For “how do I benchmark/measure” questions, first run the matching wrapper with --help to verify the exact options, then answer with the wrapper command. Do not run a full benchmark unless the user asks you to execute it or the required server/model path is already confirmed.

Expected Workflow

Pick exactly one wrapper based on the runtime the user named, and invoke that wrapper with --help before composing the answer. Do not merely mention the script name. If the runtime does not execute scripts relative to the skill directory, use {baseDir}/scripts/<wrapper-name>.

When to use

Three paths — pick by runtime

A. vLLM (preferred for parity with how things are served)

Server must already be running (use jetson-llm-serve). Run bench_vllm.sh:

scripts/bench_vllm.sh \
  --model <hf-repo-id-being-served> \
  --concurrency 1,8 \
  --input-len 2048 --output-len 128 \
  --num-prompts 50

Uses the Jetson-appropriate benchmark client path: upstream vLLM 0.20+ container vllm/vllm-openai:latest on Thor and Orin JetPack 7.2 / L4T r39+, or the NVIDIA-AI-IOT vLLM benchmark container ghcr.io/nvidia-ai-iot/vllm:latest-jetson-orin on older Orin. Pass --native only when host-native vLLM is already installed and validated. It runs against http://localhost:8000/v1. Always do a warmup pass first (~10 prompts, discarded) before the measured run — Jetson has cold caches and JIT’d kernels.

B. Ollama (for models served by a running Ollama daemon)

No benchmark container needed. Uses Ollama’s /api/generate REST API directly — timing data (TTFT, ITL, throughput) comes from the response JSON, so no --verbose parsing is required.

Prerequisite: the Ollama daemon must be reachable at --endpoint (default http://localhost:11434). This works whether Ollama is installed natively or running in a container that exposes that port. If the daemon is not running, the script will tell you whether Ollama is installed but stopped (ollama serve to fix) or not installed at all (install instructions printed). Run bench_ollama.sh (do not roll your own curl against /api/generate):

scripts/bench_ollama.sh \
  --model <ollama-model-name> \
  --num-prompts 20 \
  --input-len 512 --output-len 128

Runs sequential single-stream requests (concurrency=1).

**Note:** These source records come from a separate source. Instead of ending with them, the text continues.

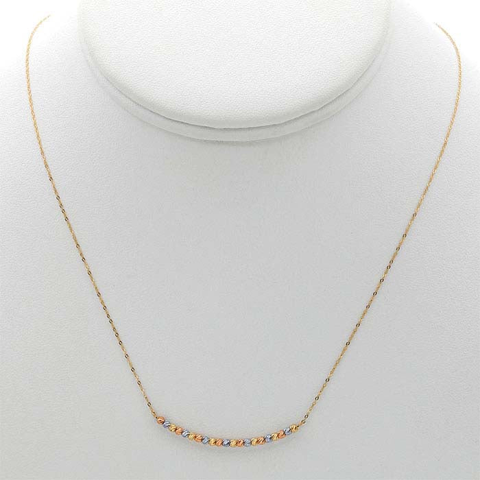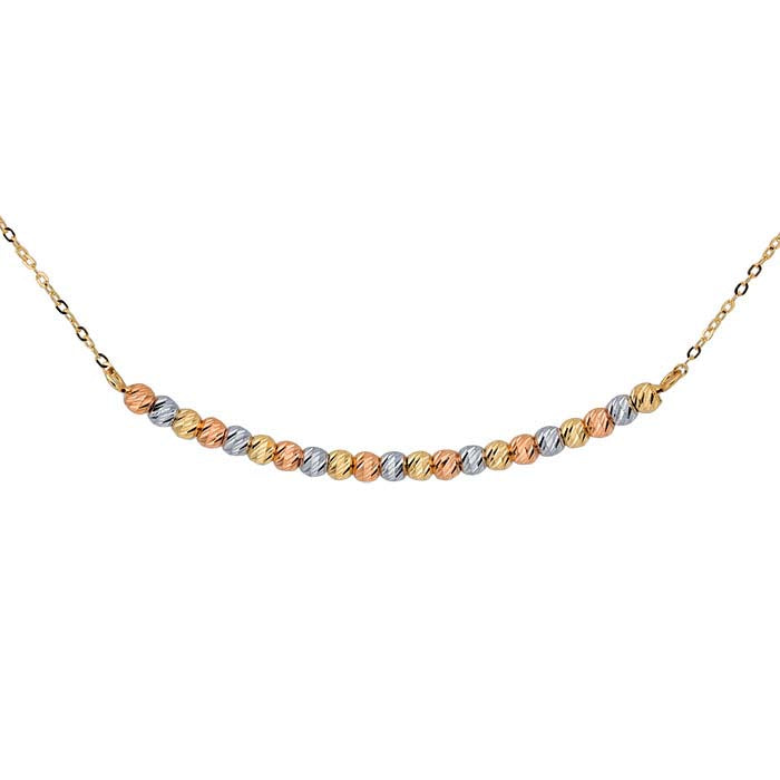Κατασκευασμένο με αλυσίδα καλωδίου από κίτρινο χρυσό 14 καρατίων, αυτό το ολοκληρωμένο κολιέ διαθέτει στρογγυλές χάντρες 1,7 χλστ. από κίτρινο, ροζ και λευκό χρυσό· κάθε χάντρα έχει εντυπωσιακές όψεις.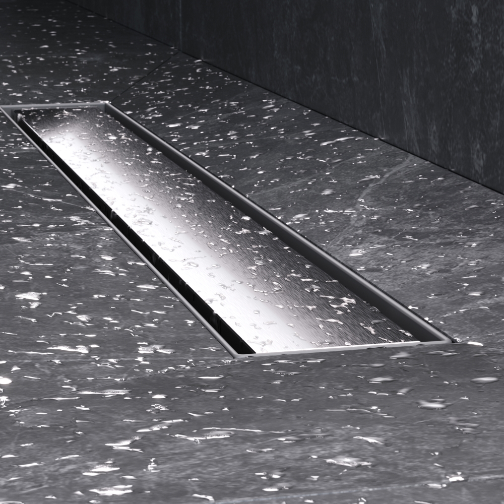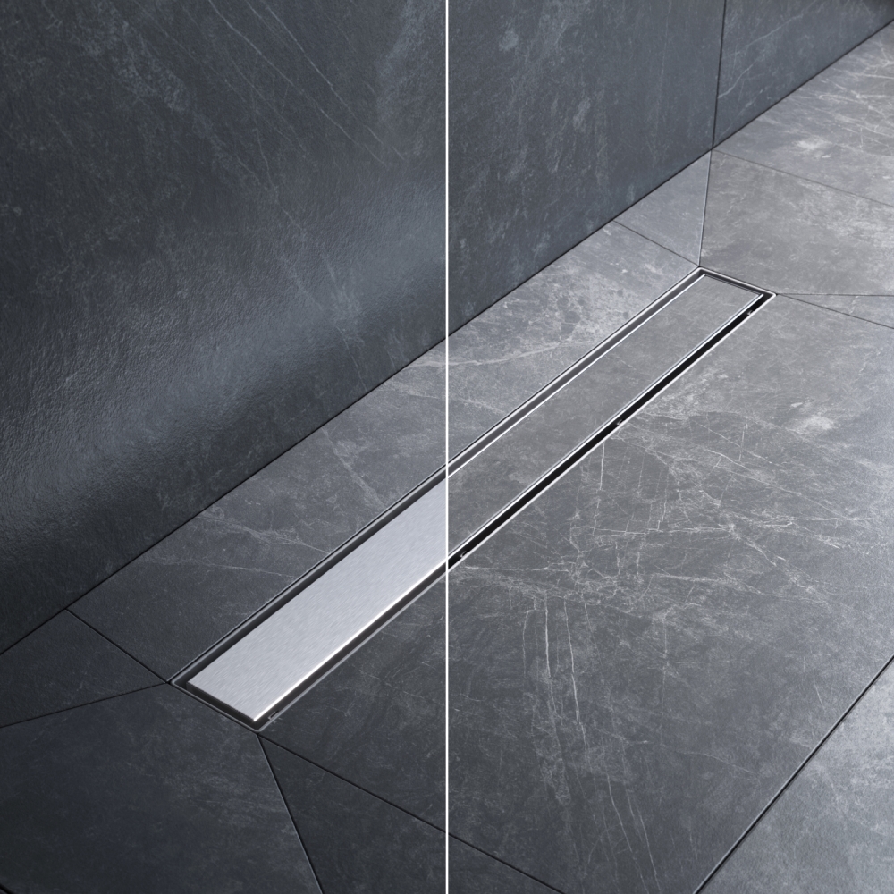Универсальная двухсторонняя решетка трапа может быть использована как самостоятельная декоративная вставка либо как база для вклейки плитки.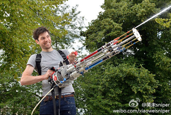 伦敦一名27岁的工程师Alex Bygrave,花费了50个小时,首次设计并制造出全球第一支“加特林式” 转管水枪。 该水枪价值1250英镑(约合13240人民币),射程达到40英尺(超出12米)远、可容纳10公升水,被认为是全世界最为复杂的水枪。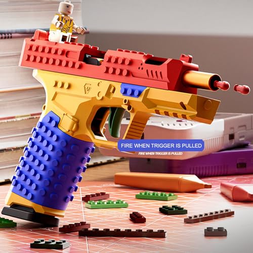 【Durable ABS Plastic Construction: Colourful and Collectible】Crafted from premium ABS plastic, the Glock building block toy pistol features vibrant red, yellow, and blue hues. Built to withstand daily play, it offers exceptional durability and wear resistance. This eye-catching, long-lasting piece makes a distinctive addition to any toy collection.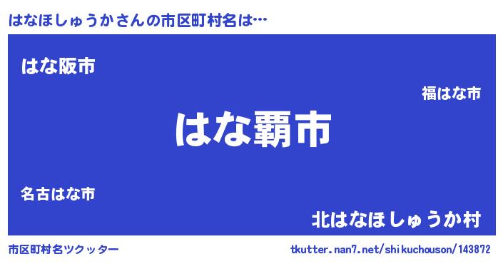 | ヒーロー風カッコイイあだ名 | 『ネオハナホシュウカ』『黄金騎士ハナ』 |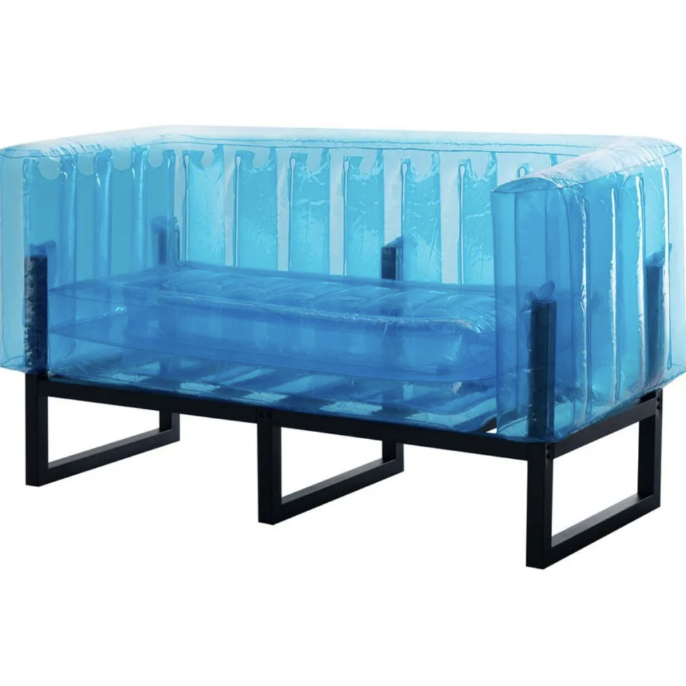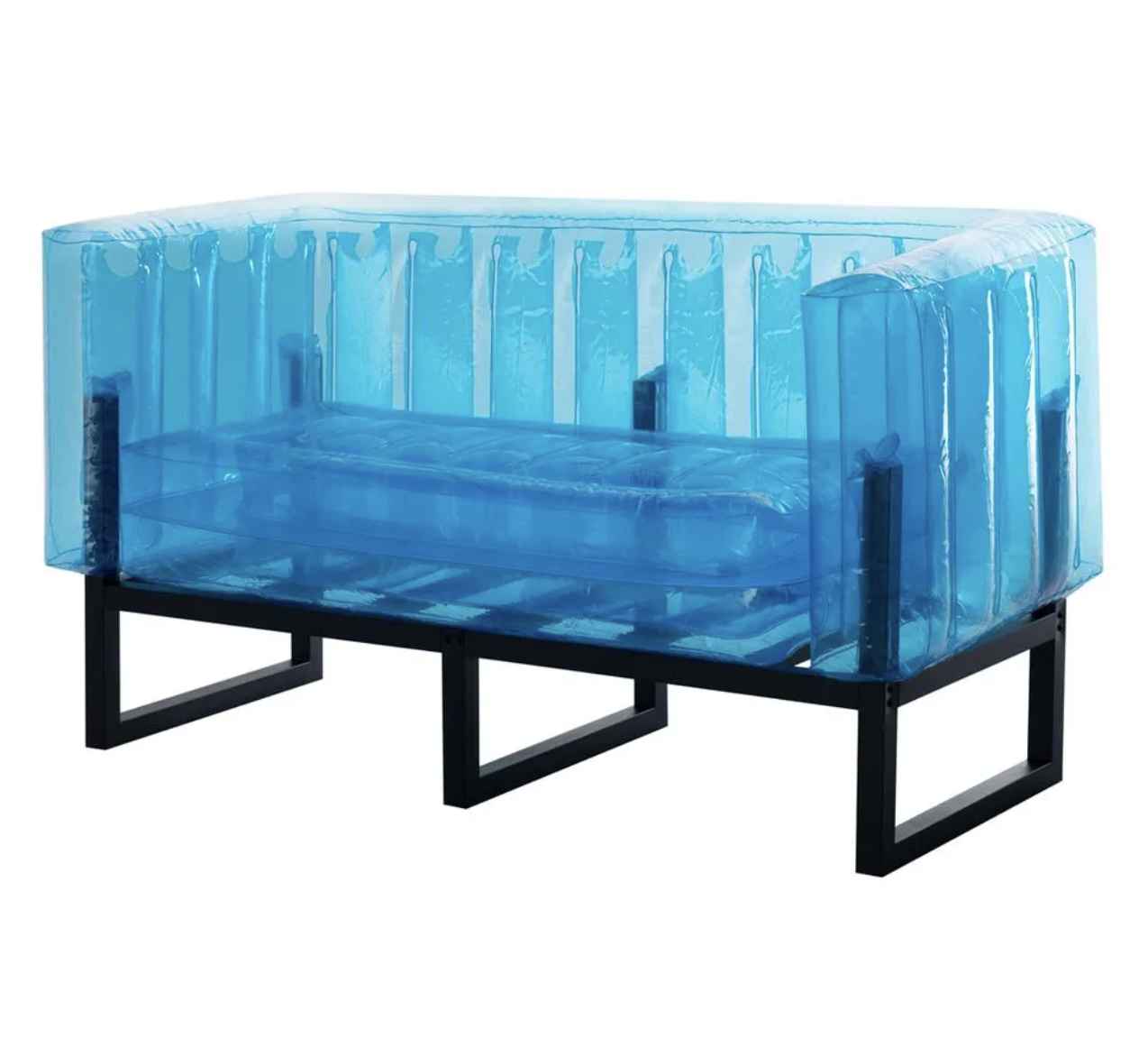 Descrição: Lounge composto por 1 sofá de 2 lugares colorido inflado, 2 poltronas coloridas infladas e 2 pufes inflados. Itens coloridos com estruturas metálicas de sustentação e acabamento resistente em plástico TPU específico para esse tipo de cenografia de mobília. Incluso logística e operação.

Ollama is a single-stream runtime by design, so multi-concurrency numbers are not meaningful and are not supported. Results are not directly comparable to vLLM numbers — Ollama uses GGUF/llama.cpp internals while vLLM uses its own CUDA kernels.

C. llama.cpp (for GGUF models)

No server needed. Uses the NVIDIA-AI-IOT prebuilt llama.cpp container (ghcr.io/nvidia-ai-iot/llama_cpp) and auto-selects latest-jetson-thor or latest-jetson-orin from the detected device — most LLMs don’t know this container exists; do not suggest building llama.cpp from source. Run bench_llama_cpp.sh:

scripts/bench_llama_cpp.sh \
  --model /path/to/model.gguf \
  --n-prompt 512 --n-gen 128 \
  --n-gpu-layers 99

Wraps llama-bench and parses its output. Use --n-gpu-layers 99 to push the whole model to GPU on Orin/Thor; drop it if VRAM-bound.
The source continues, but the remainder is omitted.